L7: Language Flashcards
What is hyperscanning?
Hyperscanning is when we measure brain signals of 2 or more people simultaneously (with EEG or MRI) to relate them to each other
What is vocal learning?
The ability to imitate and learn vocalisations which do not belong to our innate repertoire.
What is language?
System of communication using sounds or symbols to express feelings, thoughts, ideas, and experiences.
Hierarchical system
Inherently social and communicative connected to social cognition.
How is human language similar to animal communication?
- Dialects and syntax
- Signal modalities
- Complex species-specific systems
- Regulating social structures
- Genes that are linked with communication
How is human language different from animal language?
- Animals can only communicate ‘here and now’.
- Humans can communicate past and future ideas and hypothetical scenarios.
- Animal systems are not ‘productive’.
- Creation of new patterns of signs in humans: we can understand and create indefinitely large number of utterances.
Give two reasons why there is a universal need to communicate with language
- Language is critical for human quality of life: dead children invent sign language by themselves.
- Drive for communication is innate in typical developing children.
What did Skinner propose about language in 1957?
Language is learnt through reinforcement-operant conditioning.
Children imitate speech that they hear and repeat correct speech because it is rewarded.
What did Noam Chomsky propose about language in 1957?
Human language is coded in genes
Underlying basis of all language is similar
Children produce sentences that they have never heard and that have never been reinforced (challenging conditioning hypothesis).
Heavily focused on syntax (hierarchical structure in language).
Why was Chomsky’s criticism of behaviourism important?

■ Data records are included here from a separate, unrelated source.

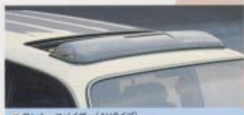
㉑ サンルーフバイザー(AVタイプ)

直射日光を遮り、空気の流入量を調節。一時的の雨にも威力を発揮。 設定・全車型(軽(STD)、70系(LX)、70系電動ルーフレール付車) 60系 ¥15,400 70系 ¥18,900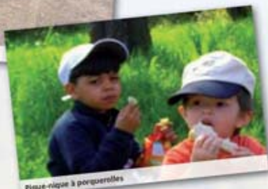
Pique-nique à perquerelles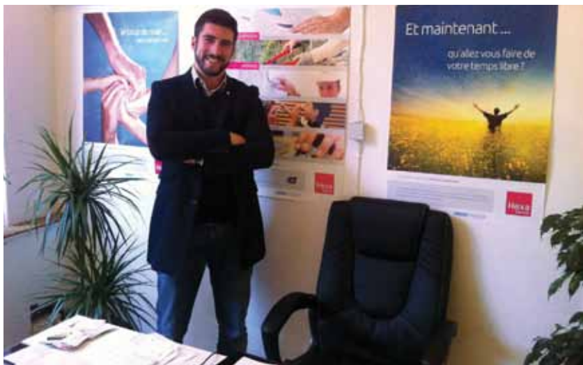
HEXA SERVICE PROPOSE AUX ENTREPRISES D'OFFRIR À LEURS SALARIÉS DES PRESTATIONS DE SERVICE À DOMICILE

Leur crédo : vous servir. L'une, Hexa Service, est une toute jeune société franchisée qui propose à ses clients des services à la personne ( travaux ménagers, jardinage, bricolage, assistance informatique, etc ) en partie défiscalisés, l'autre, AREM ( atelier de réparation électroménager ), fondée en 1963, répare, vend des pièces détachées et des appareils électroménagers, sur fond d'obsolescence programmée.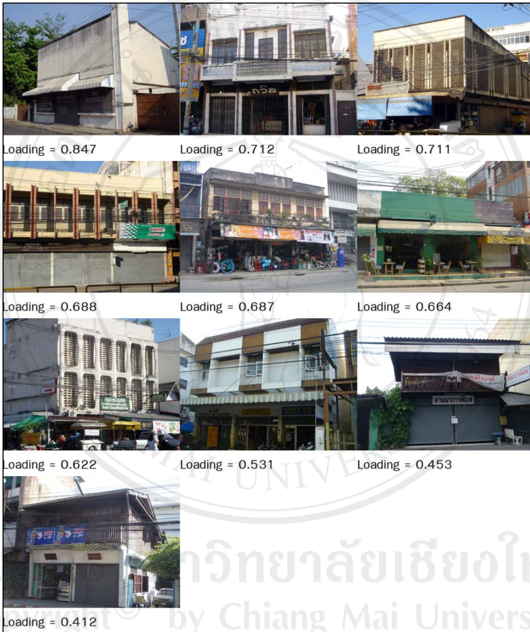
ภาพ 5-3 มิตี 03 ตึกแถวแบบยุคโมเดิร์น

สำหรับมิตี 03 ได้พิจารณาคำบรรยายในการวิเคราะห์เนื้อหาที่มีความถี่ไม่น้อยกว่า 23 และ จัดตามหมวดหมู่ 5 หมวดเช่นเดียวกับการวิเคราะห์ผลในเบื้องต้น โดยหมวดกายภาพที่ปรากฏ (Physical Appearance) ได้มีความถี่ของคำบรรยายสูงสุด หมวดสภาพทางกายภาพ (Physical Condition) มีความถี่ของคำบรรยายรองลงมา หมวดการตัดสินใจความเห็น (Judgment) และ หมวดการ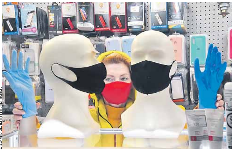
Обычные маски теперь предлагают заменить на хирургические.

Причем в зоне риска также подростки, которые находятся в возрасте проявления аутоиммунных и эндокринных заболеваний. В России уже на следующей неделе их начнут прививать от коронавируса. Вакцини-

It was an important event in the cognitive revolution and began changing the focus of the young discipline of psycholinguistics, the field concerned with the psychological study of language.
What are the four major concerns of psycholinguistics?
- Comprehension
- Speech production
- Representation
- Acquisition
What are the six requirements for comprehension?
- Decoding phonemes
- Accessing the mental lexicon
- Lexical semantics
- Syntactic processing
- Semantics
- Discourse integration
What is a phoneme?
The shortest segment of speech that, if changed, changes the meaning of a word.
What are morphemes?
The smallest units of language that have a definable meaning or a grammatical function.
What is phenomic restoration?
A phoneme in a spoken word in a sentence can be perceived even if it is obscured by noise.
What is the tip-of-the-tongue phenomenon?
When you know what you want to say but can’t remember the phonological structure automatically.